Презумпция виновности ученика. Почему в современных школах отвратительные туалеты и ничего нельзя
Скачать передачу [mp3, 42.5 МБ]
Гости в студии:
Руководитель группы проектов компании «А 101» Юлия Чернец;
Директор образовательного центра-школы «класс-центр» № 686 Сергей Казарновский.
Александр Милкус: Когда министр образования Андрей Фурсенко приходил в школу, его всегда сопровождала большая компания. Но он старался оторваться и заскочить в туалет, а потом говорил, что все разговоры про достижения ни к чему, потому что все понятно именно по этому «заведению».
Почему у нас такая традиция, что в школах должны быть жуткие и несчастные, грязные туалеты? Дети вынуждены «делать дела» дома. Но это тоже часть образовательного пространства и процесса.
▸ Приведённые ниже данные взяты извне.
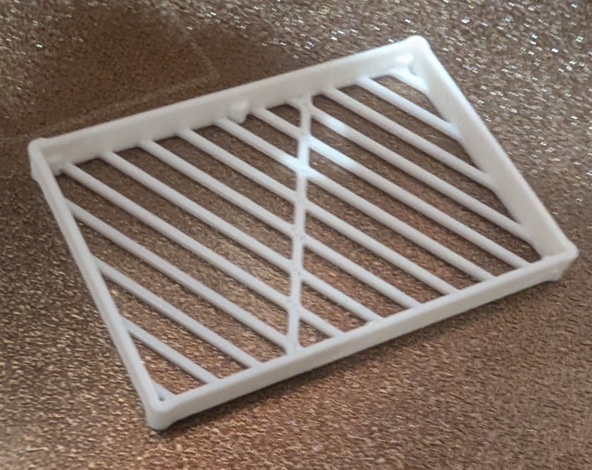 I made a really quick line drawing of a box with rounded corners, so it could press fit nicely on top of the fan. I used some minimal cross beams to protect it without impeding airflow too much, and some small bumps to act as standoffs.

Причем одна из главных.
Если есть унитаз, то нет туалетной бумаги. Если бумага есть, то в кабине сломаны двери. Это традиция нашей школы мучить детей?
Культура пользования
Сергей Казарновский: Нормативы не так давно стали допускать двери в кабинках для детей. Недавно их не было даже в туалетах крупных институтов. Например, в новых чеченских школах дверей в кабинках туалетов нет.
Дети в школе только учатся культуре пользования общественным туалетом. Они пришли из детского сада, из дома. Общественный туалет — это общественное место, где все происходит очень быстро. Не всегда школьники успевают спускать за собой воду или вообще ходят мимо.
Нужна дежурная уборщица, которая после каждого звонка будет приводить туалет в порядок. У нас она есть, поэтому за 20 лет ни одной надписи в наших туалетах не появилось.
Кроме того, унитазы должны быть подвесными, Потому что вся грязь находится в месте стыка, и ни одна Марьванна ее никогда не отмоет.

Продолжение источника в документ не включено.